Consider the implications of the reflection. What does it imply, or involve, or suggest about the learning process in general or about the process of reading, writing, or critical thinking in particular?
In conclusion, To conclude
Avoid the phrases “in conclusion,” “to conclude,” “in summary,” and “to sum up.” These can be useful, even welcome, in oral presentations. But readers can see, on the page or the screen, when a short essay is about to end.
Since conclusions can be particularly challenging, I have included a link here to Harvard’s excellent guide on closing paragraphs, “Ending the Essay.”
More Writing Help
If you would like for someone to review your reflection before you submit it, look to the Center for Academic Engagement, which offers a variety of options:
The authors of A Writer’s Reference note that “[r]evising is rarely a one-step process” (Hacker and Somers 19). Editing for surface-level correctness is essential, but it is not the only step, and it should not be the first. Begin instead by re-seeing (or re-visioning) your reflection and considering its focus and organization. Ask these questions:
Is it a focused reflection rather than an overview of your work in English 111?
Does it present a clear thesis, one that is not simply a statement of fact about one or more aspects of the course?
Would it benefit from a different organization? If the strongest piece of textual evidence appears in the first body paragraph, try moving it to the last one.
After you have addressed those questions, examine each paragraph one by one, from first to last.
Does the opening paragraph provide a hook for the reader? If not, consider using one of the strategies on page 14.
Does the introduction end with a clear thesis? Can the thesis be a point of disagreement among reasonable people? (If the answer to both questions is not yes, revise accordingly.) For more on writing a thesis, see page 69.
Does each body paragraph present evidence that supports your thesis? Evidence may take the form of examples from your own writing (quotations or paraphrases), descriptions of your work in the course, or citations from relevant secondary sources.
Are the paragraphs patterned in suitable ways? In reflective essays, the most common patterns are examples and illustrations, description, process, comparison and contrast, and analogy. For more on paragraph patterns, see 44-49.
Early Monday morning when I walked into the classroom, the whiteboard was covered with notes. I started to erase them, then stopped myself, realizing what another instructor had left behind offered an opportunity to return to a topic that we addressed last week: writing in first person.
Under the heading “Tips for formal writing,” the instructor wrote, “(1) No first person.” It’s important to consider that a tip is a piece of advice, not a requirement.
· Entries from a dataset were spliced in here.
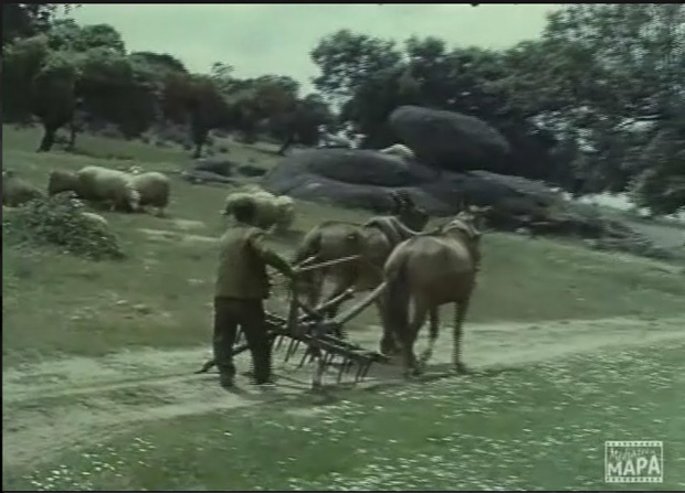 Las tierras eran duras de labrar, con grandes canchos, extremeño con la yunta y el rastrillo.
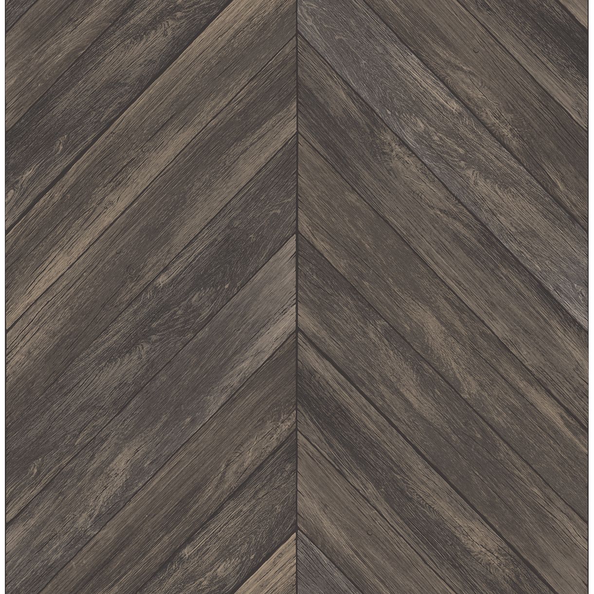 In a rich, dark brown with ashy undertones, this faux wood wallpaper is sophisticated. Designed to look slightly worn-in, this print captures the look of reclaimed wood. The chevron arrangement gives this pattern an upscale feel.
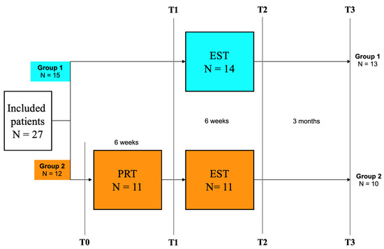 To assess the specific effect of the EST, all patients were randomly assigned to either of two groups (see Figure 1): Group 1 started at T1 with EST for 6 weeks and performed only one training method. Group 2 performed two training methods, one after the other: They started at T0 with a reading training program as a placebo training (PRT) in regard to EST. After using PRT for 6 weeks, these patients started training with the EST program at T1 for another 6 weeks.

Item one in the instructor’s notes does not state that first person cannot be used in formal writing but rather that it is advisable not to use it.
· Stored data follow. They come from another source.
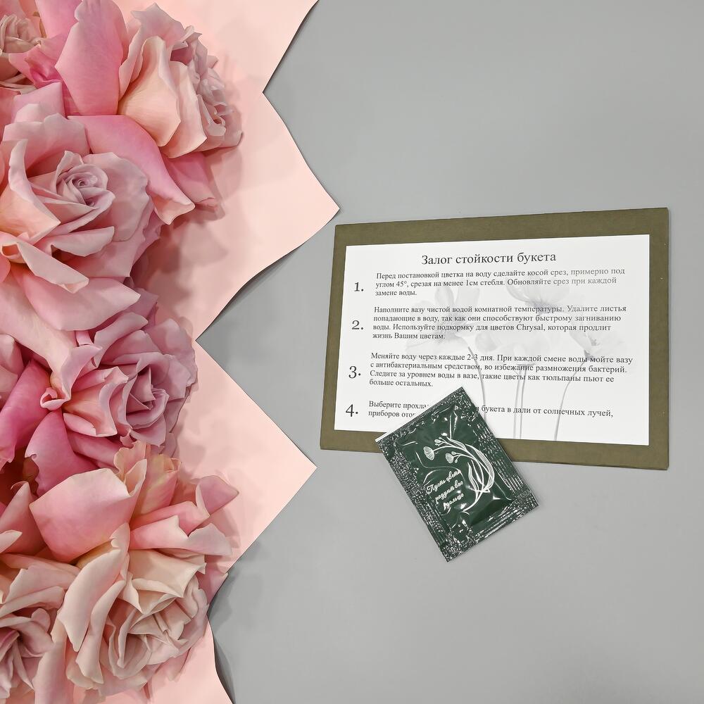 - Сроки возврата: Претензии по качеству букета принимаются в течение 24 часов с момента его получения.
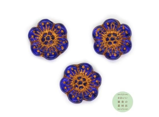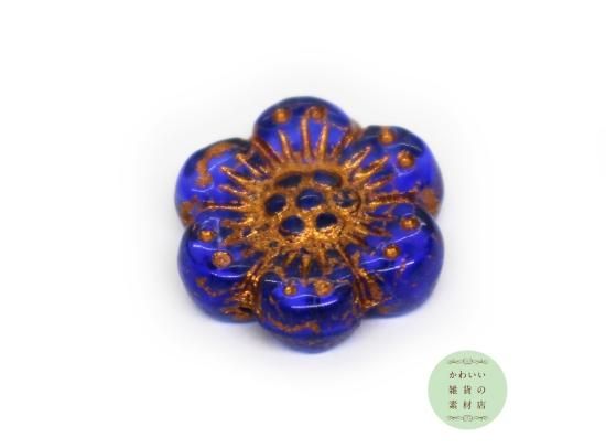 14mm チェコビーズ プレス ワイルドローズ 半透明ロイヤルブルー&ブロンズ(チェコガラスビーズ/フラワー/花)3個セット BCZ-0139
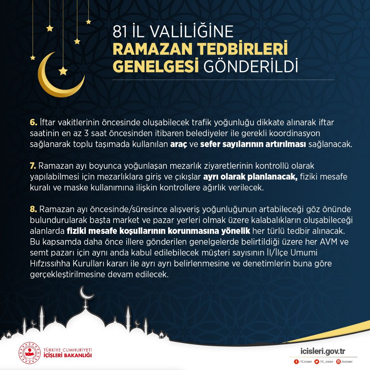 81 İl Valiliğine #Ramazan Tedbirleri Genelgesi gönderildi ⬇️https://t.co/z9RIoFWoir pic.twitter.com/q4NsCatR0p
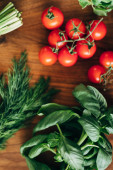 Martwa natura pomidor ogórek zielony cebula drewniane
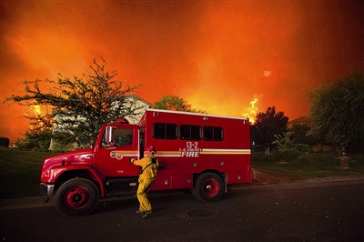 7月23日,在美国加利福尼亚州圣克拉丽塔附近,一名消防员在火灾地点附近工作。
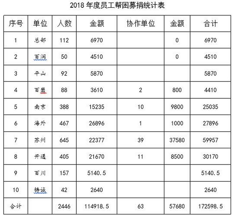 本次年度募捐活动共有2446名员工参与,募集捐款114918.5元,百崮公司、南京分公司、海外分公司、苏州分公司、开通开通等五个分、子公司的63家协作单位参与募捐,募集资金57680元。(刘施李)

As a response to that piece of advice–and as a supplement to my notes to you last week–I present this second look at first person in formal writing.
While any writing assignment for a college course may be labeled formal, the level of formality will be determined primarily by the genre, or type of writing, required. A literacy narrative, a subgenre of memoir, is an account of a learning experience that is almost always written in first person. Similarly, a semester’s reflection–what you are drafting now–which looks back at your accomplishments and explores their significance, is another type of writing that is almost always written in first person.
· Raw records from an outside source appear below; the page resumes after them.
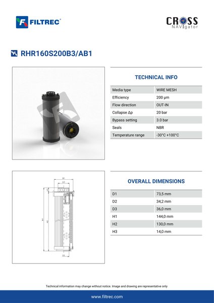 Genuine Filtrec RHR160S200B3/AB1. This Filtrec element is designed to meet or exceed the quality and performance of brand OEM’s ensuring superior filtration performance and long-lasting durability.Engineered with their high performance media and a durable design, the RHR160S200B3/AB1 provides reliable and consistent performance over its lifespan, even in harsh operating environments. When you order from FilterFinder, you can trust that you are getting a reliable and high-quality replacement filter that will keep your system running smoothly.
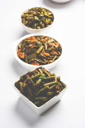 Closeup picture of indian green vegetable masala curry / sabzi / sabji like Green Beans, gowar /cluster beans and bhindi or ladies finger or okra. Served in white ceramic bowl over white background.
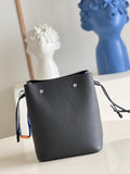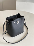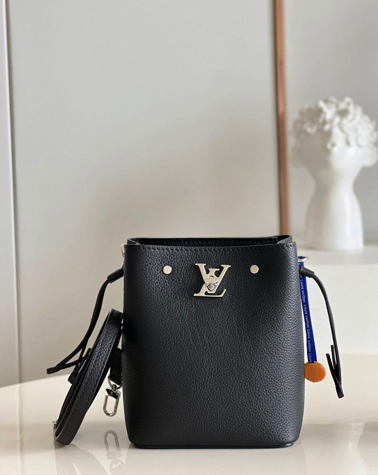 A miniature reinterpretation of the Lockme Bucket, the Nano Lockme Bucket bag is crafted from exceptionally supple black grained calfskin. This tiny, lightweight companion can be carried on the shoulder or across the body. Its sleek design is complemented by a secure LV twist lock in silver-tone metal.

In contrast, the second essay you wrote for English 111, the textual analysis, does not need first person. I gave you the option of using it–and I used “our” twice in the concluding paragraph of the sample analysis that I wrote for you–but moving away from “I” and other forms of first person is a good habit to cultivate, especially in writing that does not focus on you. As I wrote in my notes on April 12:
One way to make your writing sound more professional is to limit your use of first person. That doesn’t mean that “I” shouldn’t appear in your prose, but be mindful that if you repeatedly refer to yourself, you may come across as young and self-absorbed. Moving away from “I” shows readers that you understand that your ideas have broader implications.
The authors of A Writer’s Reference offer some of the best advice on choosing the point of view for a college assignment: “Using the I point of view is not grammatically incorrect for college writing. As you review your options, think about your purpose and audience, as well as the genre (type of writing) expected. When in doubt, ask your instructor” (Hacker and Sommers 124).
Consider the three sentences listed below. The first two are variations on one of the sentences in “The Strange Fruit of Sosnowiec,” the sample analysis of Maus that I wrote for you. The third is the sentence as it appears in the introductory paragraph.
In my opinion, that haunting panel and the smaller ones that frame it illustrate the complexity of Spiegelman’s seemingly simple composition.
To me, that haunting panel and the smaller ones that frame it illustrate the complexity of Spiegelman’s seemingly simple composition.
That haunting panel and the smaller ones that frame it illustrate the complexity of Spiegelman’s seemingly simple composition.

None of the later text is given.